"""

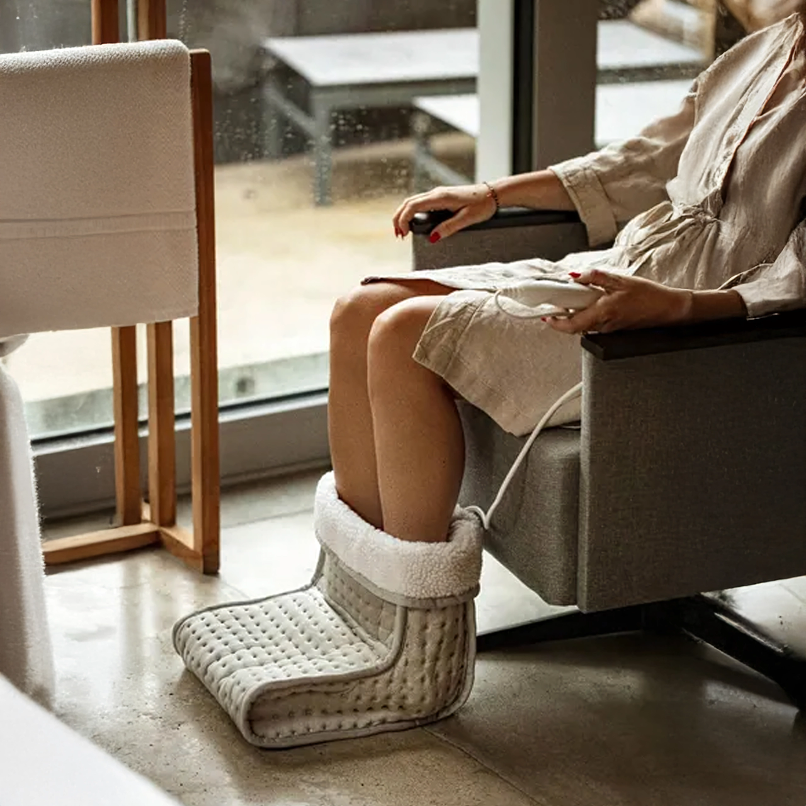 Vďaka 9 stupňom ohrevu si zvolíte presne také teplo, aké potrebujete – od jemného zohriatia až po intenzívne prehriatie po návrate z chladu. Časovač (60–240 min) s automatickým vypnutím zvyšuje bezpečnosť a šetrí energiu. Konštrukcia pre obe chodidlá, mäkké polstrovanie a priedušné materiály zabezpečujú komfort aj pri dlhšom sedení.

"""
"""

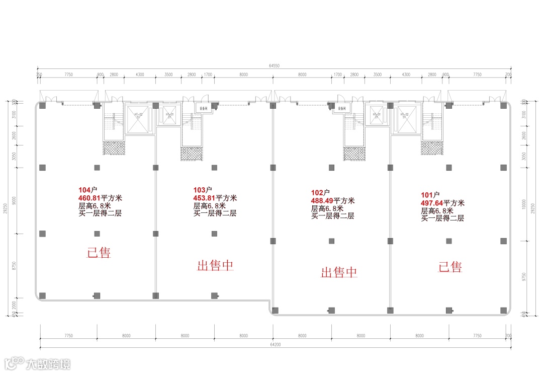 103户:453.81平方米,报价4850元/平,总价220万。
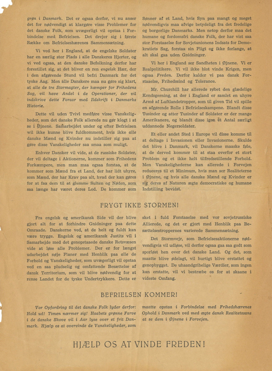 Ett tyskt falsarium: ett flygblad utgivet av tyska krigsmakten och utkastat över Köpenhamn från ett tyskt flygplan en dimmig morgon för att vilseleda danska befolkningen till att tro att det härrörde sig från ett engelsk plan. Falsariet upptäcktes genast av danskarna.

"""
"""

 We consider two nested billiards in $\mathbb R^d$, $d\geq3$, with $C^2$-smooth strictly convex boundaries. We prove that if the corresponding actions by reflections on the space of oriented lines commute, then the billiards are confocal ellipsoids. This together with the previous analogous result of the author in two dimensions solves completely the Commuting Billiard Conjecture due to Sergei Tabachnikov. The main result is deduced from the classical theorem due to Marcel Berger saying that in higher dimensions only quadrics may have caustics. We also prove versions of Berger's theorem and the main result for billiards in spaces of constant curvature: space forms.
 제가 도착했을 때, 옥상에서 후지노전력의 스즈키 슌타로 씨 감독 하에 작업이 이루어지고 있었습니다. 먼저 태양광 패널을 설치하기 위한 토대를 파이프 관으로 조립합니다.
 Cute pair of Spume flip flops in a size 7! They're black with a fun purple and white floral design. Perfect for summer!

"""

(What is being asked)
Among the lines of the data, find every one that holds "with" and copy it.

(Response area)
 We consider two nested billiards in $\mathbb R^d$, $d\geq3$, with $C^2$-smooth strictly convex boundaries. We prove that if the corresponding actions by reflections on the space of oriented lines commute, then the billiards are confocal ellipsoids. This together with the previous analogous result of the author in two dimensions solves completely the Commuting Billiard Conjecture due to Sergei Tabachnikov. The main result is deduced from the classical theorem due to Marcel Berger saying that in higher dimensions only quadrics may have caustics. We also prove versions of Berger's theorem and the main result for billiards in spaces of constant curvature: space forms.
 Cute pair of Spume flip flops in a size 7! They're black with a fun purple and white floral design. Perfect for summer!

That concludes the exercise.